Oman - From the Desert to the Mountains

The night in the desert was superb.  A total tourist event of course, but still amazing to look up at a sky full of more stars than you've ever seen before in a jet black sky. 

A long drive followed, out of the desert and across the plains, stopping at a market along the way (our drivers shopped more than we did,  new pashminas) and onto Bahla Fort for a picnic lunch.  While we were eating and watching a drone flying overhead, a woman came over to talk to us.  Egyptian, teaching at the German University in Muscat, with sons at school in London and a first degree from Strathclyde Uni, she was there to film the castle  for conservation research.  In a country with little written history, last year they were interviewing local residents to try and capture living memories, including a woman over 90 (she thinks...) who remembered visiting an aunt who lived in the castle as the wife of a soldier and could relay stories her aunt used to tell.  Once a woman gave birth in one of the quarters and placed her baby on the windowsill as is traditional (deep window ledges were used for all forms of storage and display) only for the room to collapse around them.  An advantage of building in mud, not stone, they were merely covered in crumbled dust and lived to tell the tale, while the house was rebuilt.  These things happen...





On to Nizwa and a new hotel.
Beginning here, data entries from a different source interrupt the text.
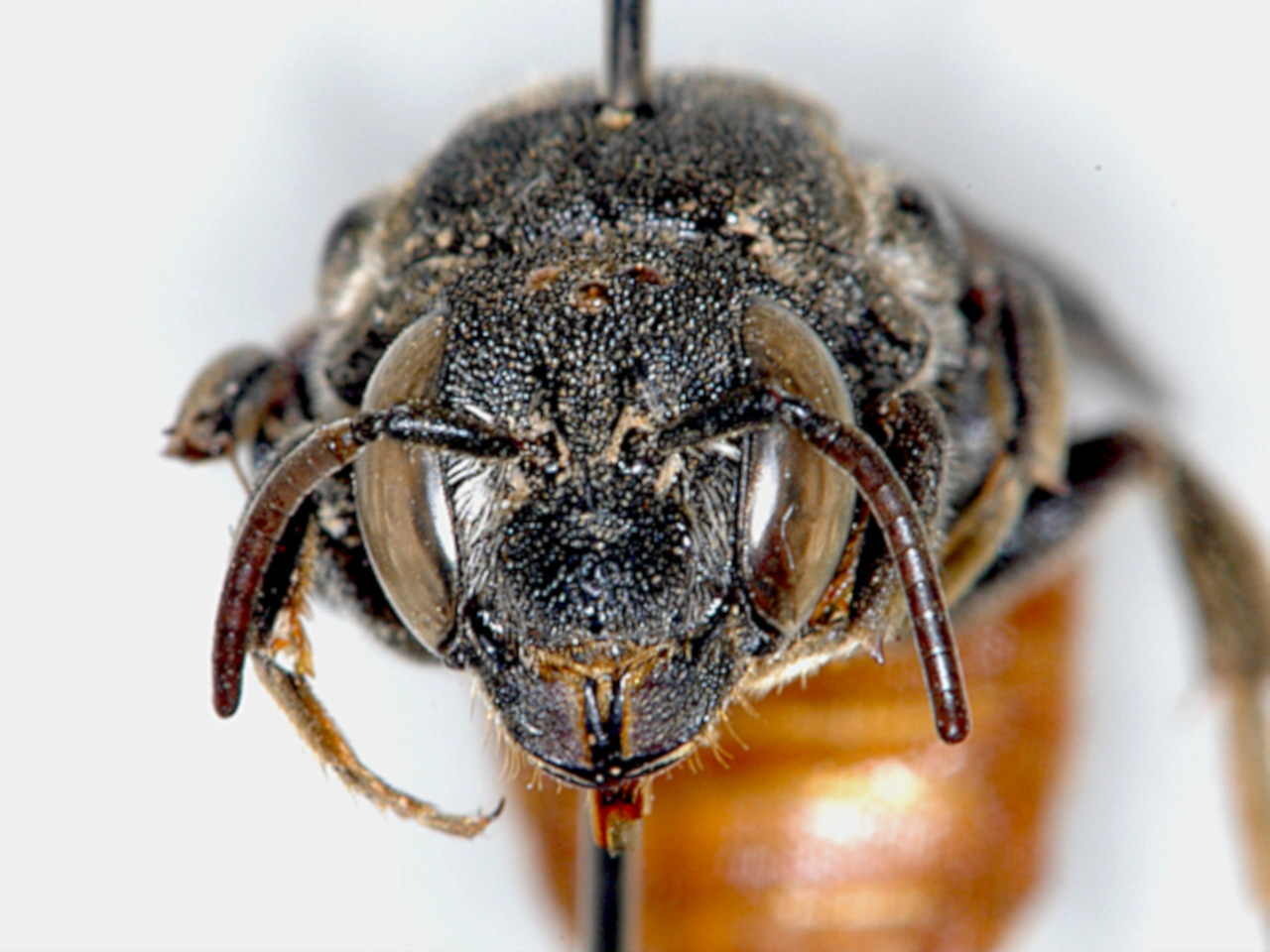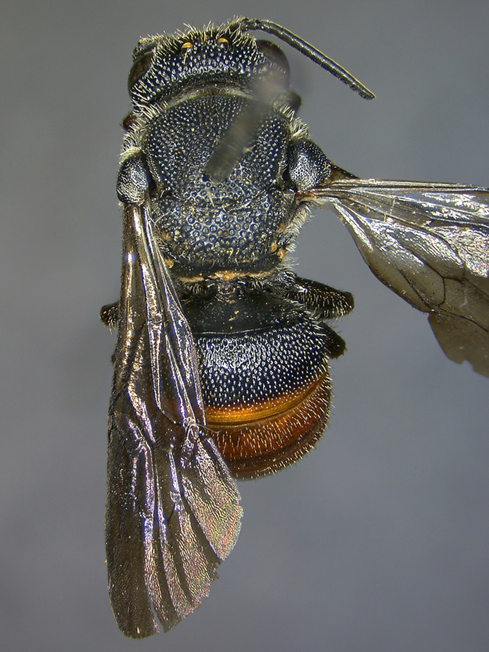 Head, thorax and first gastral segment mostly black in both sexes; second and later gastral segments dark red. Body entirely with strong punctures. This species is a cleptoparasite (labor parasite) of Megachile sculpturalis: its larvae feed on pollen stored by the host. Eggs and larvae of the host are soon killed by the larvae of the parasite.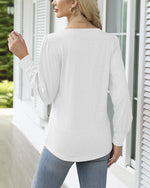 SPECIFIKATIONER Top type: Toppe Stil: Afslappet Materiale: Spandex,Polyester Lejlighed: Daglig Halsudskæring: V-udskæring Ærmetype: Almindeligt ærme Ærmelængde: Langærmet Pasform: Almindelig Sæson/årstid: Forår,Efterår Detaljer: Knapper,Rynket Pakken inkluderer: 1 x Top STØRRELSESTABEL (cm) Størrelse Buste Længde S 97 65 M 101 66.5 L 1...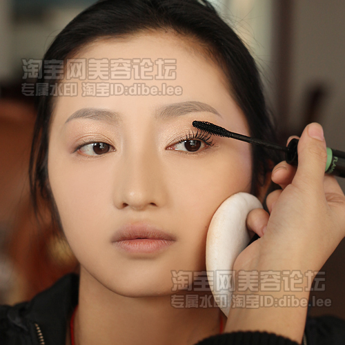 眼影都涂好以后,我们开始上睫毛膏.模特本身睫毛较长,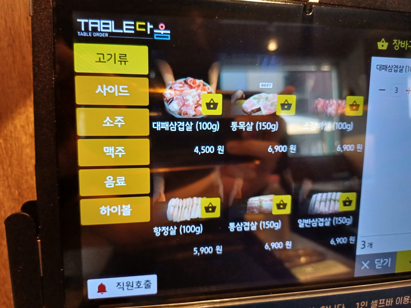 가격은 가장 기본이 되는 대패삼겹이 1인분 기준 100그람에 4,500원. 인당 셀프바 이용료가 1,500원씩 부과되고 첫 주문 시에는 300그람 이상을 주문해야 한다.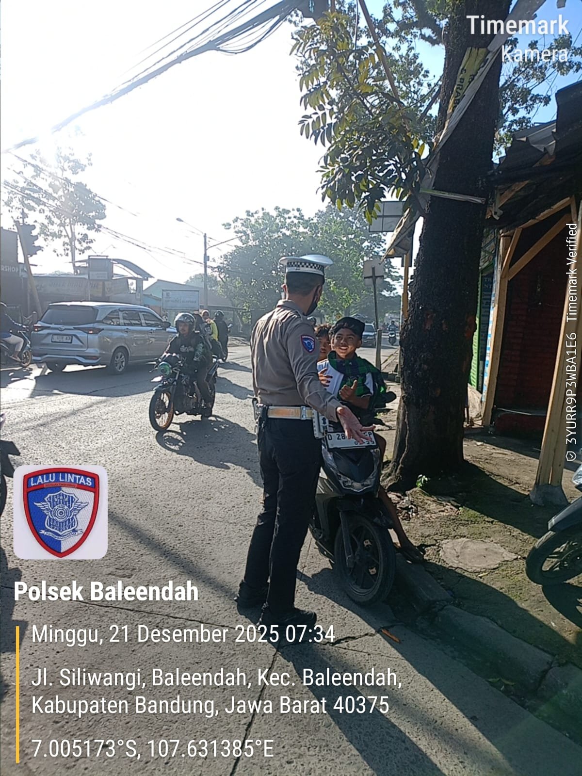 Baleendah – (22/12/2025) Dalam rangka Operasi Lilin Lodaya 2025/2026, Unit Lalu Lintas Polsek Baleendah melaksanakan kegiatan preventif dengan menyampaikan imbauan tertib berlalu lintas kepada para pengendara, khususnya remaja, di kawasan Simpang Siliwangi, Kecamatan Baleendah, Kabupaten Bandung.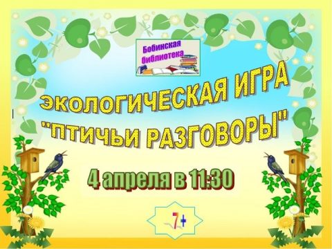 04 апреля в 11-30 Библиотека Бобино Приглашает на экологическую игру.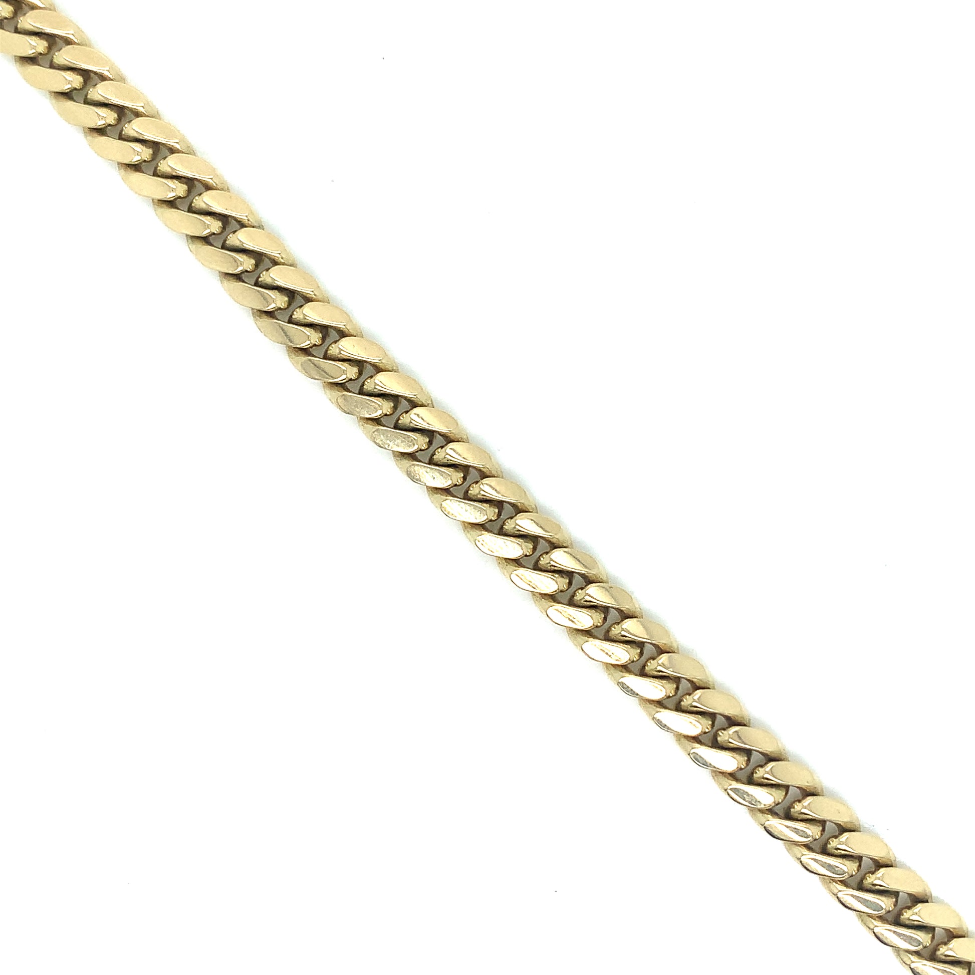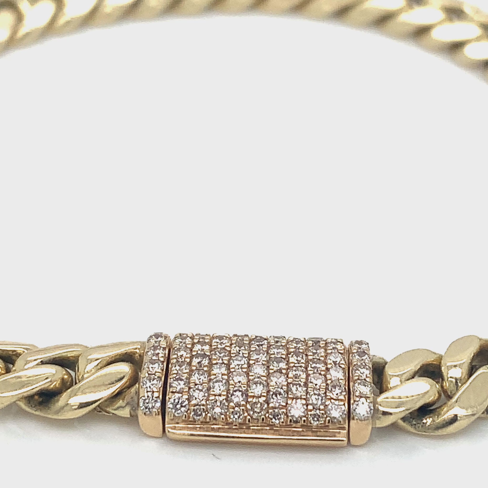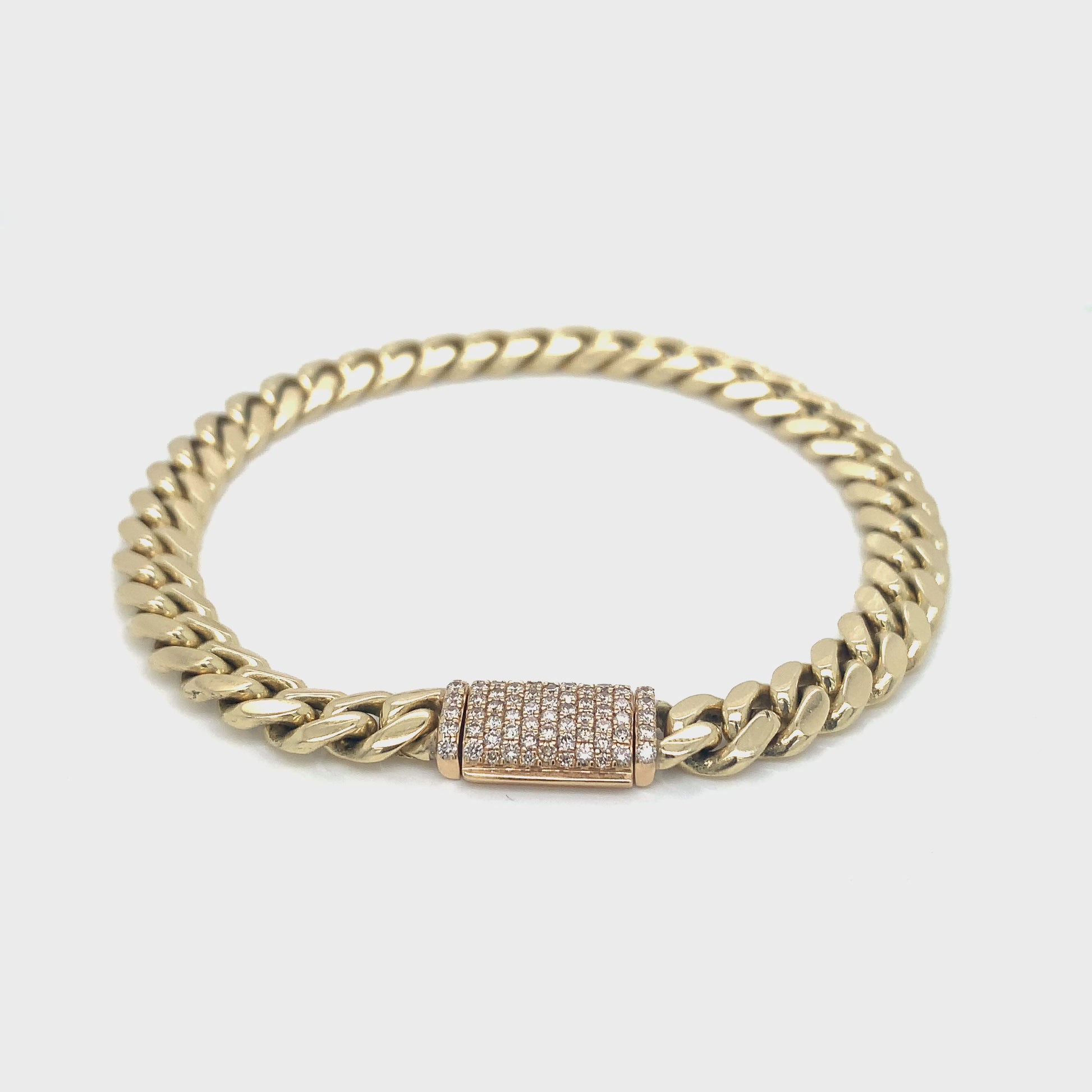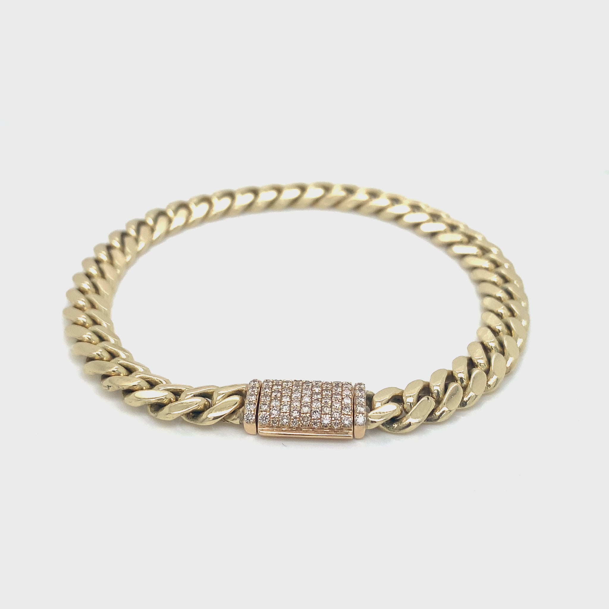 The traditional gold Cuban link bracelet is branded with a diamond lock, making this piece a beautiful addition to your collection.

On the way, our driver pointed out a white building high up on the mountainside, and told us we were going up there.  Yeah yeah.... Then coming up through the foothills from Nizwa town, we were stopped at a checkpoint.  Only 4x4 vehicles from here onwards.  Onwards was upwards, quite literally, climbing over 1800metres in less than 6km at an average ascent of 10%. It is "the" hill climb in the Tour of Oman cycle event.   Think Ben Nevis and add 50%, then take away the snow.  The journey down and back up tomorrow will be...interesting. But the hotel view is spectacular.  



For the ultra fans among you, the hotel was a checkpoint in the Oman by UTMB race.  The runners climbed *down* 600m to get here...


For days our guide has been saying that we were going to the Grand Canyon and we thought he was joking. Turns out he wasn't... up there is Jabal Shams, the highest point in Arabia, 2 kilometres down is the canyon floor and an abandoned village. Somewhere in between were narrow trails, with hikers and cyclists edging along the walls. Somewhere on the viewpoint I was breathing heavily at the thought of going back down the dirt-track-pretending-to-be-a-road we'd just weaved up. After that the hill climb back to the hotel was a breeze, even with the tropical rainstorm. This country is just stunning...









After the previous night's storms, there were a lot of puddles, even down in the plains.

We explored the Fort and Castle: where European defenders poured boiling oil over ramparts, the Omani poured boiling date syrup through narrow gaps in front of doorways, and removed floorboards from stairs to send assailants tumbling into deep pits.







Then the souk, to haggle for gifts and spices and dates and jewellery. Also for me to sneeze in the fruit souk and cause a minor kerfuffle. Probably just as well I didn't do that in the weapons souk; yes there was one but I don't think I'd have got anything past customs.